### Directions for this task
An exact repeat is needed of the lines from the one with "Nach der Erstmontage" through the last line of the data below. Please omit the pictures.
Supplied data Start Marker
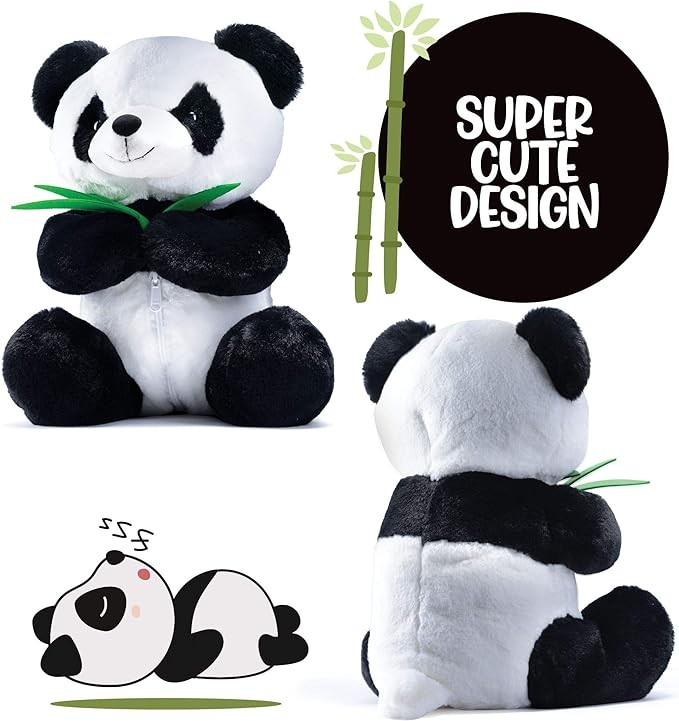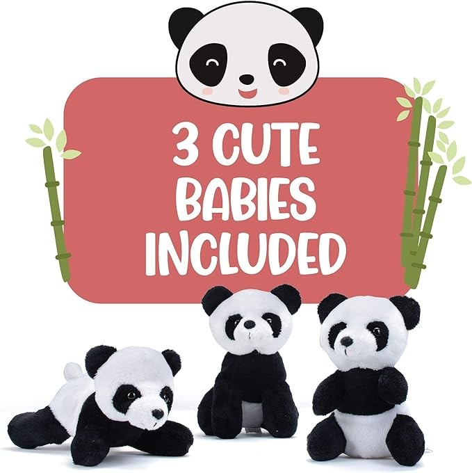 Prextex 13" Plush Panda Bear Zippered Carrier & 3 Cubs Plushies | Soft Panda Bear Stuffed Animal, Panda Plush Toy, Stuffed Panda Toys, Kid Toy, Pillow | Birthday Gifts, Panda Gifts for Girls&Boys
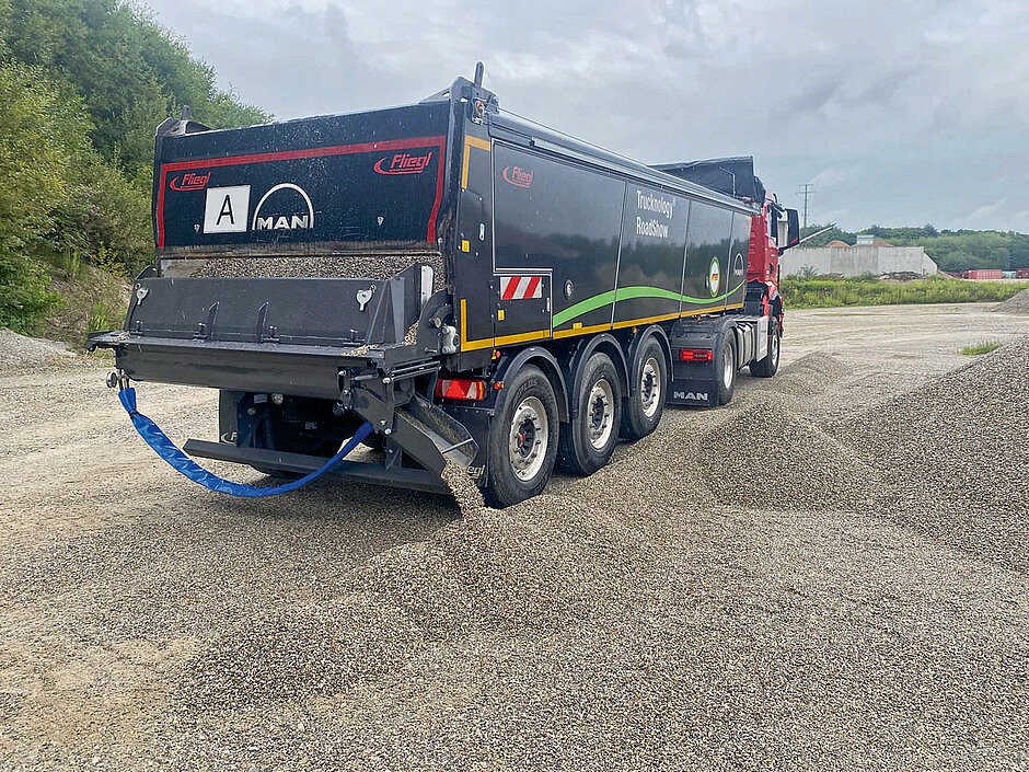 Nach der Erstmontage ist die Anbauschnecke schnell und einfach montier- oder demontierbar. Die intuitive Bedienung und das modulare System machen den Einsatz im Tagesgeschäft nach Einschätzung von Fliegl besonders einfach – ohne lange Rüstzeiten oder Schulungsaufwand. Die geschlossene und seitlich geführte Entladung sorgt für saubere Baustellenverhältnisse, auch bei empfindlichen Nebenflächen. Der gezielte Einbau von Asphalt, Schotter oder Bankettmaterial reduziert Streuverluste – kein Verunreinigen angrenzender Flächen, kein unnötiger Nachbesserungsaufwand.
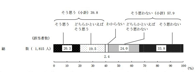 「クレジットカードを積極的に利用したいと思うか」とたずねると、「そう思う」「どちらかといえばそう思う」が合わせて39.8%であったのに対して、「どちらかといえばそう思わない」「そう思わない」が合わせて57.9%と、クレジットカードをあまり利用したくないとする回答が多かった。
Supplied data End Marker
### Exercise response
 Nach der Erstmontage ist die Anbauschnecke schnell und einfach montier- oder demontierbar. Die intuitive Bedienung und das modulare System machen den Einsatz im Tagesgeschäft nach Einschätzung von Fliegl besonders einfach – ohne lange Rüstzeiten oder Schulungsaufwand. Die geschlossene und seitlich geführte Entladung sorgt für saubere Baustellenverhältnisse, auch bei empfindlichen Nebenflächen. Der gezielte Einbau von Asphalt, Schotter oder Bankettmaterial reduziert Streuverluste – kein Verunreinigen angrenzender Flächen, kein unnötiger Nachbesserungsaufwand.
 「クレジットカードを積極的に利用したいと思うか」とたずねると、「そう思う」「どちらかといえばそう思う」が合わせて39.8%であったのに対して、「どちらかといえばそう思わない」「そう思わない」が合わせて57.9%と、クレジットカードをあまり利用したくないとする回答が多かった。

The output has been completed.